Sadc climate experts have predicted normal to above normal rains for Zimbabwe for the 2013/14 farming season, which has just set in.Input suppliers confirmed that there was enough seed for the season and have started distributing seed and fertilisers countrywide.
Farmers on the other hand have started mobilising inputs, while others have started land preparation.
Zimbabwe Seed Trade Association chairman Mr Walter Chigodora said seed houses were distributing 56 000 tonnes of maize seed to different outlets countrywide.
“All seed houses have a cumulative 56 000 tonnes, 52 000 is made up of hybrid seed, while 4 000 tonnes are of open-pollinated maize seed varieties. We also have 500 tonnes of white sorghum,” he said.
Seed companies said they are working on prices, promising that this year’s might be lower than last year.
A 10 kilogramme pack of seed is selling at US$22, down from last year’s US$23.
Mr Chigodora urged farmers to buy seed from reputable dealers to avoid procuring fake seed which compromises yields.
He said while fake seed appeared affordable, it was costly for the farmer due to poor yields.
Seed houses said they would continue with input programmes where civil servants and employees from different organisations would be able to buy seed on credit and pay through the stop order facility.
Zimbabwe Farmers Union second vice president Mr Berean Mukwende said: “Farmers have already begun preparing for the 2013/14 season and are concentrating on land preparation with the procurement of inputs almost complete.”
Renowned farmer Mr Donald Khumalo said while most farmers were preparing for the main cropping season, funding was a big challenges.
He said Government should come up with a facility that caters for farmers as they contribute towards the national economy.
“Farmers are the major contributors to the economy.
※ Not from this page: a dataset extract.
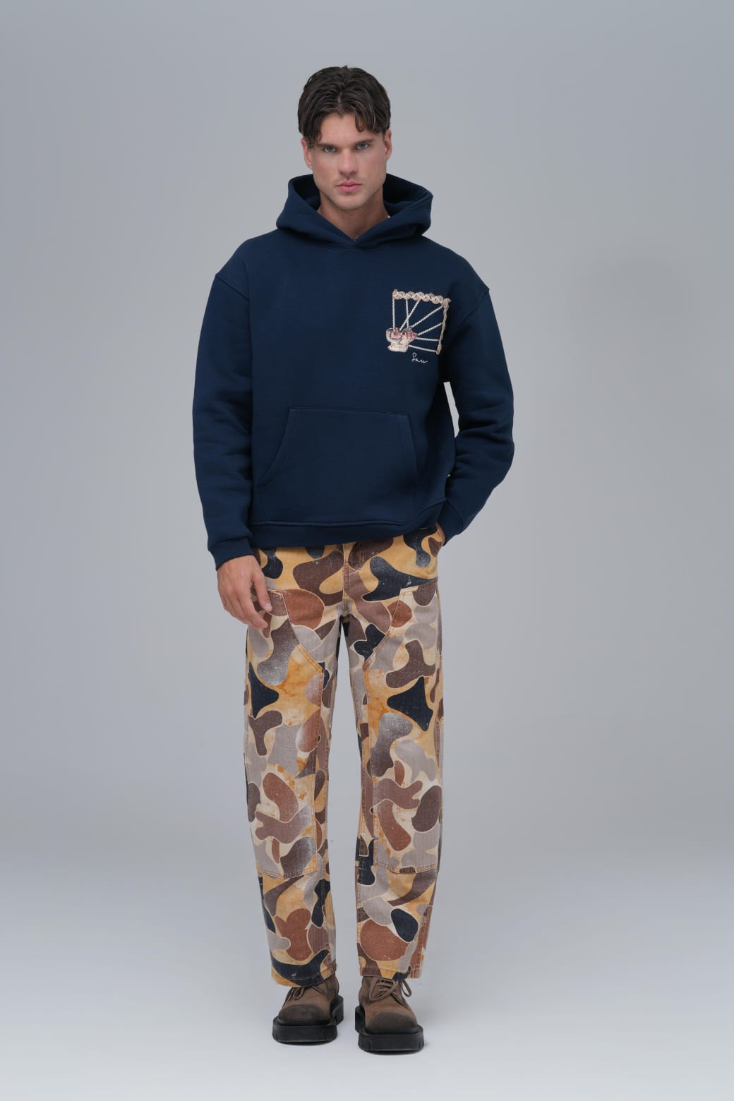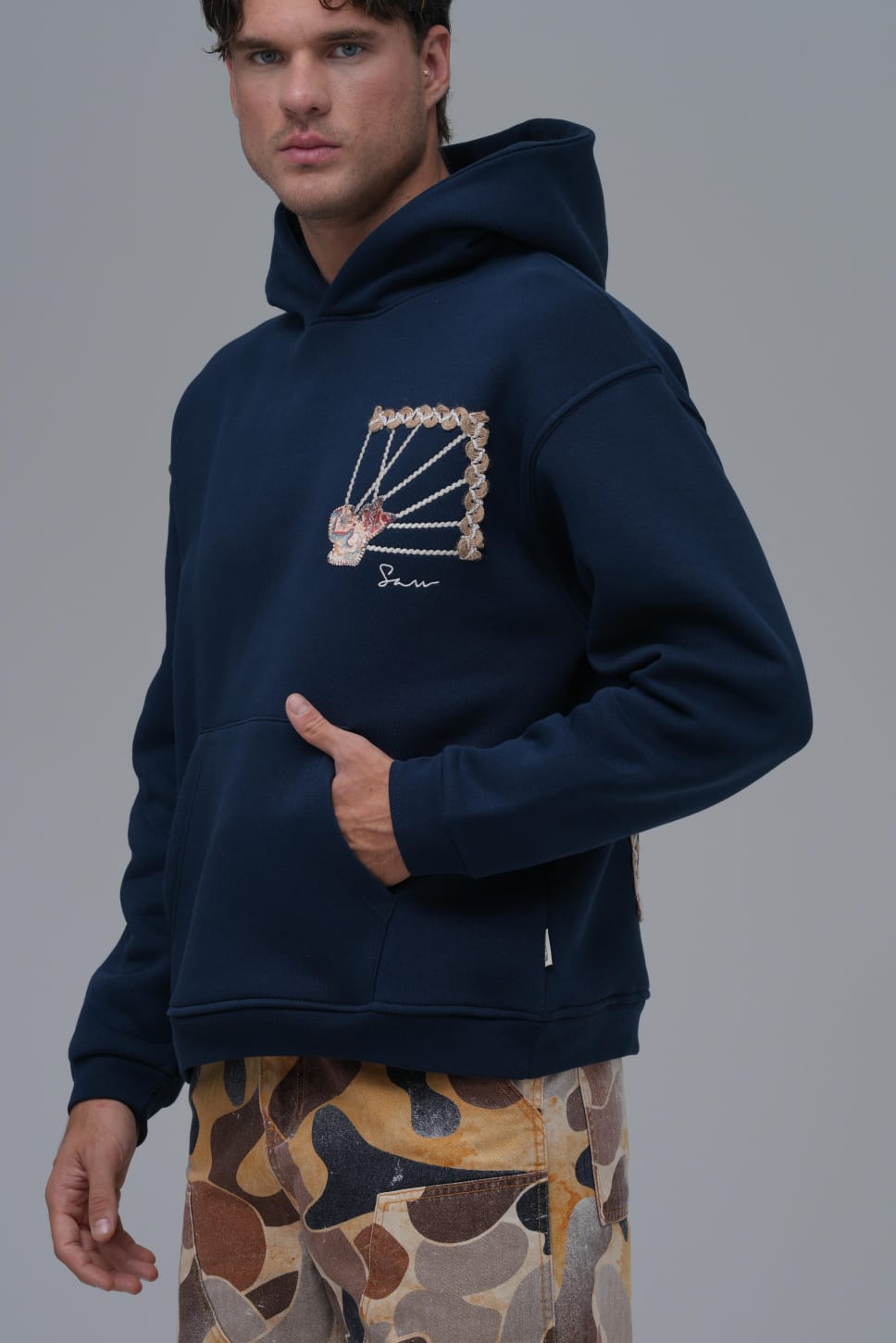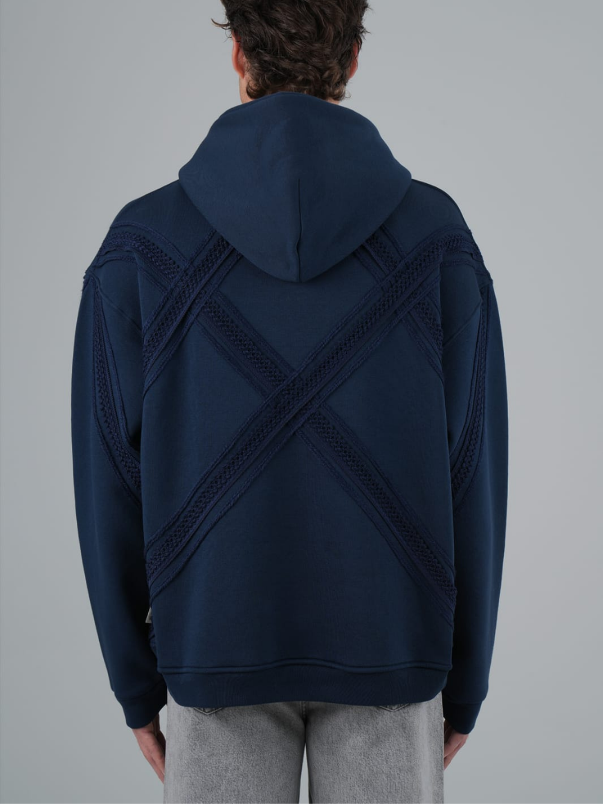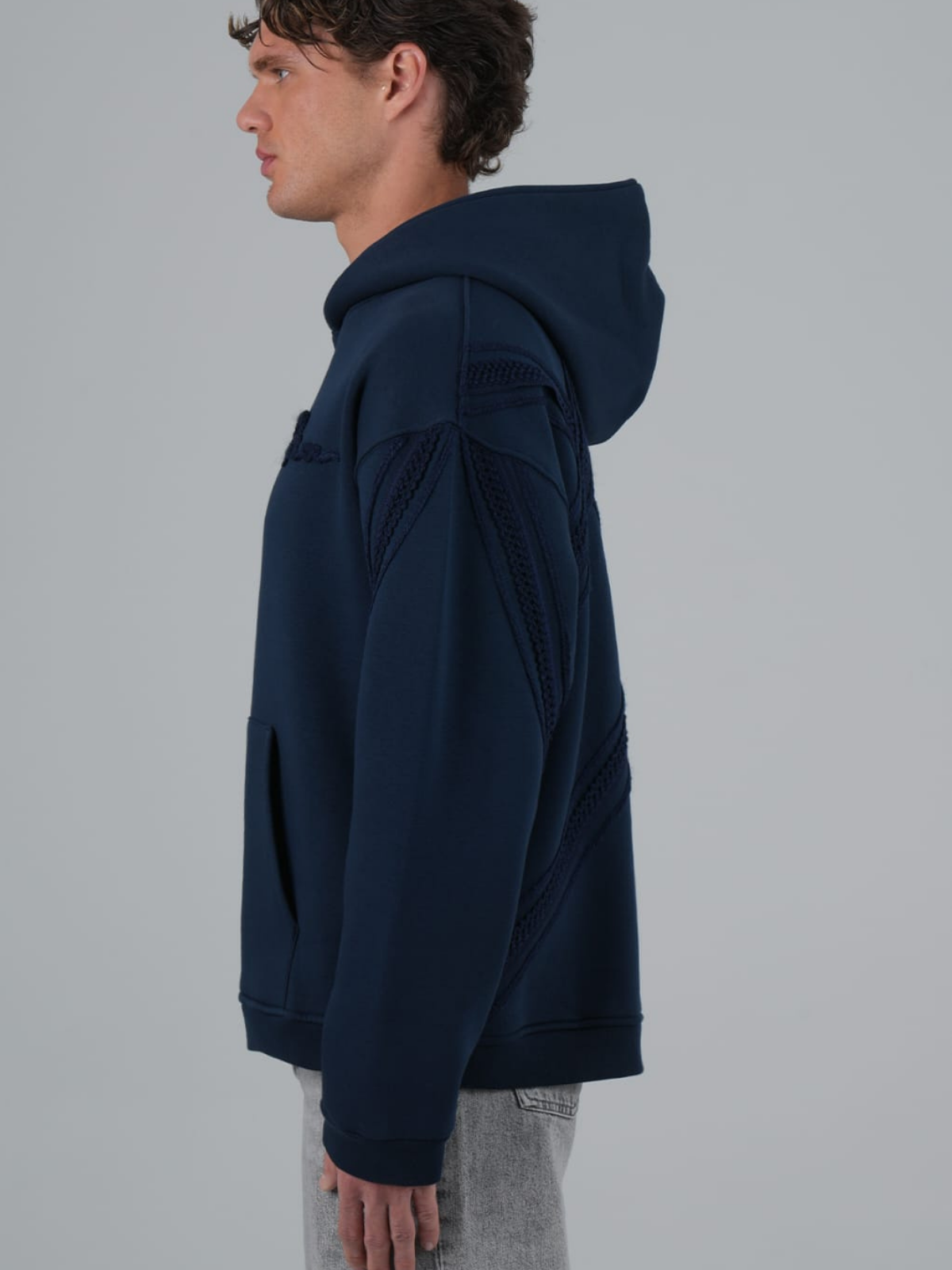 Yün İpli Aplikeli Oversize Lacivert Sweatshirt 5002

Emphasis should therefore be out towards funding agriculture,” he said.
A number of farmers have complained year in and year out over lack of affordable funding.
Most financial institutions offer short-term loans which have high interest rates, making it unviable for most farmers.
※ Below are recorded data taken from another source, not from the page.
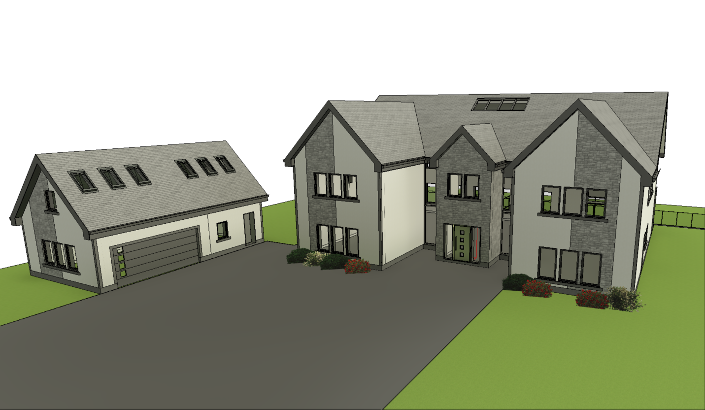 preserve the existing building geometry exactly as shown do not change or add any architectural elements to the house or garage drone height view matching the original angle warm summer evening just before sunset with golden hour lighting and soft natural shadows photorealistic materials and lighting physically accurate realistic textures subtle warm interior lights visible through the windows creating a gentle warm glow natural landscape enhancement only realistic grass driveway and rolling countryside in the distance looks like a real photograph no stylization 4k resolution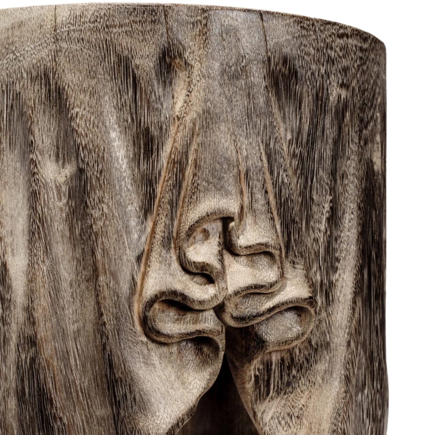 The Burke stool features a solid, stump-inspired design with the illusion of draped fabric along the sides, making for an intriguing silhouette. It also includes a contemporary twist on baroque-style feet for a shape like no other. Due to the natural material, some stools might have cracks along the top, which have been secured with butterfly dowels.
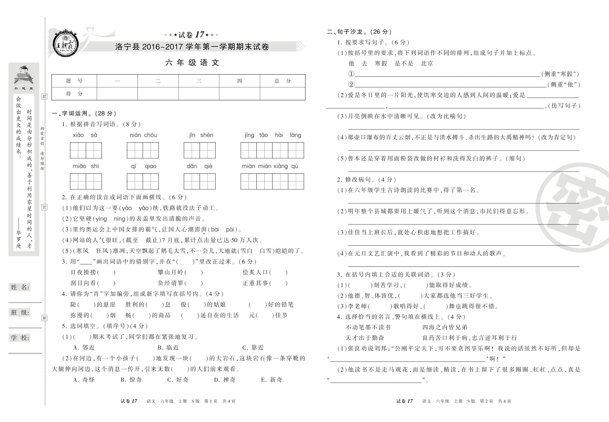 2016-2017学年第一学期洛阳市洛宁县六年级语文试卷(S版)【17】

The fertiliser industry said although it was geared for the season, power outages were disrupting production.
Windmill marketing executive Mr Wilson Gopoza said the fertiliser industry was ready for the season although he could not give the exact figures of the quantities the company had in stock.
“We are currently able to match the demand for fertiliser that we are getting. Our factory is in full production in readiness for the summer season,” he said.
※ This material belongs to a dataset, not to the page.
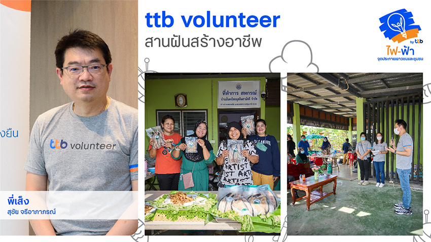 นายสุชัย จรีอาภาภรณ์ หรือพี่เส็ง อาสาสมัครทีทีบี โครงการ “สานฝัน สร้างอาชีพ บ้านประชารัฐไทยมุสลิมสามัคคี” เป็นโครงการที่เข้าไปช่วยเหลือชุมชนด้านการสร้างงานสร้างอาชีพเสริม ให้กับชุมชนมุสลิมอิสลามสามัคคี รวมกว่า 98 ครัวเรือน ด้วยอาชีพการเพาะเลี้ยงปลาดุก การแปรรูปอาหาร โดยทีมอาสาได้เข้าไปสนับสนุนเรื่องการให้ความรู้ ตั้งแต่การเพาะเลี้ยงปลาดุก โดยเชิญผู้เชี่ยวชาญทางด้านการประมงมาให้ความรู้เรื่องการเพาะเลี้ยงปลาดุก การแปรรูปเนื้อปลาดุก การทำบรรจุภัณฑ์และโลโก้ การบริหารต้นทุนเพื่อให้เกิดรายได้ รวมถึงผลักดันชุมชนให้เข้าไปจดทะเบียนเป็นวิสาหกิจชุมชนในอนาคต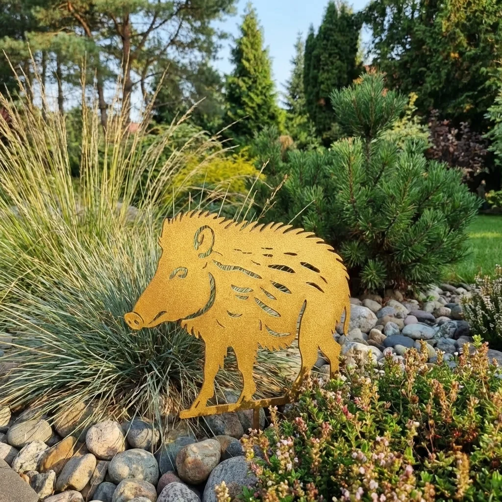 Dekoracja ogrodowa dzik do wbicia w ziemię to wyrazisty, metalowy akcent, który świetnie podkreśla charakter ogrodu.

Fertiliser prices range from US$30-US$38 per 50kg bag, depending on the type. Mr Gopoza said the price of fertiliser was likely to remain unchanged.
Government owes fertiliser producers more than US$32 million in unpaid debts.
Mr Gopoza said Windmill did not have any input programmes as is the situation with seed houses.
“Windmill does not have its own direct input programme. However, we are supplying various contracting companies that are running input schemes,” he said.
Outgoing Agriculture, Mechanisation and Irrigation Development Minister Joseph Made said Government still owed money to fertiliser companies.
He bemoaned constant power cuts that he said affected fertiliser production.
“The farmer is ready and what is critical is the mobilisation of resources,” he said.